Information Security Methodology, Replication Studies and Information
Security Education
J.UCS Special Issue
Steffen Wendzel
(Fraunhofer FKIE & Worms University of Applied Sciences, Germany
wendzel@hs-worms.de)
Luca Caviglione
(Institute for Applied Mathematics and Information Technologies, Italy
luca.caviglione@ge.imati.cnr.it)
Alessandro Checco
(University of Sheffield, United Kingdom
a.checco@sheffield.ac.uk)
Aleksandra Mileva
(University Goce Delcev, Macedonia
aleksandra.mileva@ugd.edu.mk)
Jean-Francois Lalande
(CentraleSupelec, France
jean-francois.lalande@irisa.fr)
Wojciech Mazurczyk
(Warsaw University of Technology, Poland
w.mazurczyk@tele.pw.edu.pl)
In recent years, research started to focus on the scientific
fundamentals of information security. These fundamentals include
several important aspects such as the unified description of attacks
and countermeasures, the reproducibility of experiments and means to
achieve this reproducibility, the sharing of research data and code,
the discussion of quality criteria for experiments and the design and
implementation of testbeds. The related academic publications
contribute to the advancement of information security research by
making possible the comparison and the benchmarking of different
security solutions. As a complementary approach, works on terminology
and taxonomy address redundancies and unify the understanding between
different sub-domains of information security.

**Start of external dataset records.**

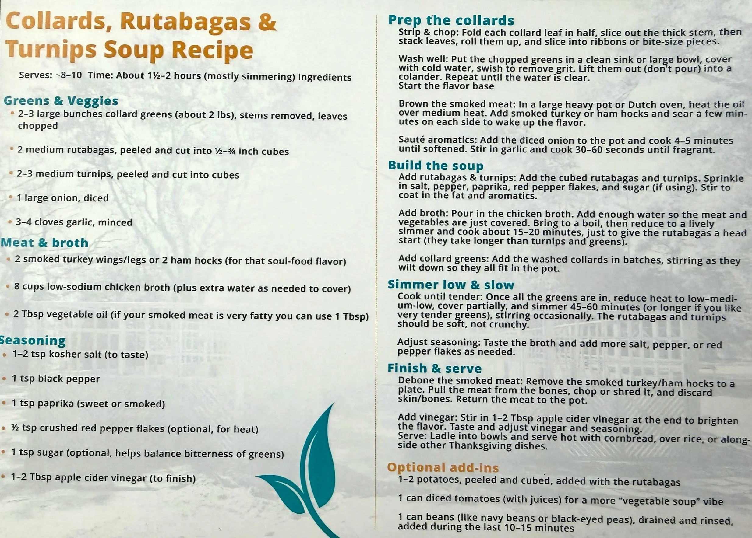 Today we are sharing this delicious recipe for Collards, Rutabagas, and Turnips in a savory soup recipe. We hope you enjoy!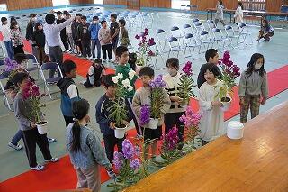 代表の子どもたちからは、お世話になったことへのお礼の言葉と花束が贈られました。退職、転出される先生方からは、乙房小学校での思い出と感謝、子どもたちへのエールが贈られました。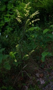 The flowers of Solidago bicolor, which are just now (end of August) opening, are white with maybe just a touch of yellow. You might not think this one was a ‘goldenrod,’ but it is. This species is common here along roadsides and other dry sites in full sun.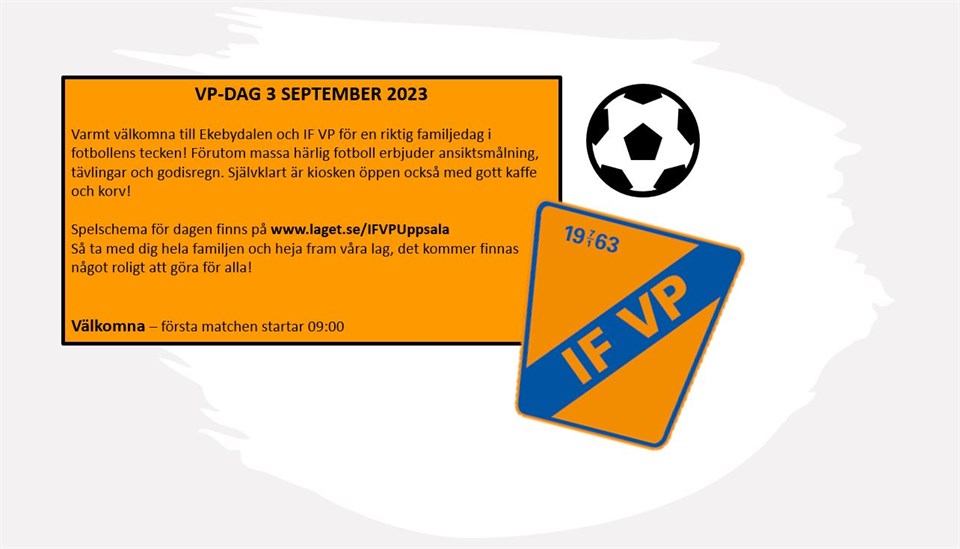 YAY! Dags för Ärets roligaste dag - VP dagen! Boka in den 3 september för en dag fylld med fotboll, tÀvlingar (vem vill inte lÀgga en straff pÄ vÄra seniormÄlvakter eller testa hur hÄrt man skjuter?), godisregn och ansiktsmÄlning! Första matchen startar 09:00 och sen hÄller vi pÄ fram till ca 18:00. Varmt vÀlkomna till Ekeby! IF VP Uppsala 16 aug 2023 2kommentarer
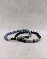 זוג צמידים גמישים עם אבני חן ,בשילוב חרוזים מצופים זהב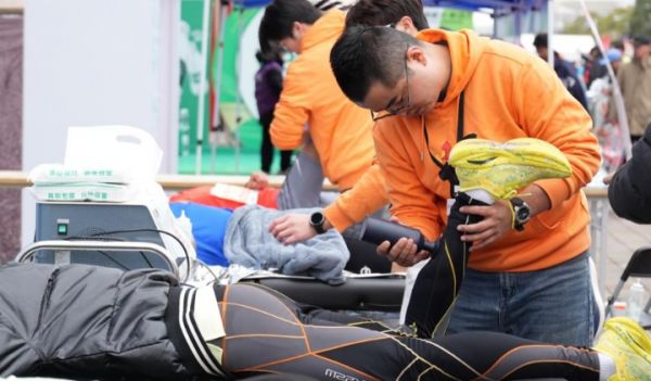 “很多人忽略了,身体在冲线那一刻,并没有‘停机’。”作为赛事官方医疗保障团队成员,中心负责人马晓鹏说。长时间奔跑后,跑者的肌肉和关节处于高度负荷状态。对此,马晓鹏表示:“肌肉纤维在持续收缩中会产生细微损耗,这时大力拉伸,就像让疲劳的橡皮筋再被猛拉,可能加重损伤。”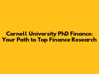 Cornell PhD Finance: Your Path To Top Finance Research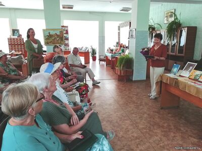 Встреча с Анной Семёновной Пивоваровой в Городской библиотеке им. С. ПивовароваВ день рождения поэта Семёна Пивоварова в Городской библиотеке, носящей его имя, состоялась встреча с Анной Семёновной Пивоваровой, дочерью поэта и автором книги «Папина книга». Книга вышла в 2023 году в издательстве «Коктебель» к столетию со дня рождения Семена Михайловича. В сборник вошли его стихи, воспоминания родных и близких, трогательные строки, написанные дочерью и внуком, а также рассказы феодосийцев, литераторов и друзей. Книга проникнута любовью и благодарностью к мудрому, искреннему человеку с неиссякаемым жизнелюбием и талантом. На встрече прозвучали воспоминания Анны Семёновны, читателей и сотрудников библиотеки, а также стихи для детей, исполненные учащимися школы № 17. Музыкальную программу великолепно представил бард Валерий Храпай. Раиса Лесникова, руководитель библиотеки | |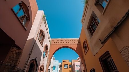 Beautiful view of street with typical arabic architecture in Asilah. Location: Asilah, North Morocco, Africa. Artistic picture. Beauty world

This special issue contains works from an open call as well as
selected extended papers of the First International Workshop on
Information Security Methodology and Replication Studies (IWSMR),
co-organized with ARES 2019. Authors of IWSMR papers provided at least
50% new content and new contributions were received. After the first
round of reviews, one paper was accepted for this special issue. After
another round of reviews, three additional papers were accepted.
In their paper Bibliometric Mapping of Research on User Training for
Secure Use of Information Systems, Damjan Fujs, Simon Vrhovec and
Damjan Vavpotič conduct a bibliometric mapping of research on user
training for secure use of information systems.
Caroline Moeckel is the author of the paper (De-)Constructing Attacker
Categorisations: A Typology Iteration for the Case of Digital
Banking. She proposes an experimental construction of a new attacker
typology grounded in real-life data.
The paper entitled Utilizing the Debugging Information of Applications
in Memory Forensics by Mohammed Al-Saleh, Ethar Qawasmeh and Ziad
Al-Sharif proposes a general solution to investigate applications
resting in memory for forensics.
Finally, Simon Vrhovec, Damjan Fujs, Luka Jelovčan and Anže Mihelič propose a reasonably light-weight structure-based approach for
evaluating case study and action research reports (SAE-CSAR) based on
eight key parts of a real-world research report in their paper
Evaluating Case Study and Action Research Reports: Real-world Research
in Cybersecurity.
We would like to express our thanks to the reviewers of this special
issue: Krzysztof Cabaj, Mehdi Chourib, Bernhard Fechner, Bela Genge,
Nils Gruschka, Thomas Kemmerich, Hanno Langweg, Olaf Maennel, Michael
Meier, Slobodan Petrovic, Michael Rademacher and Simon Vrhovec.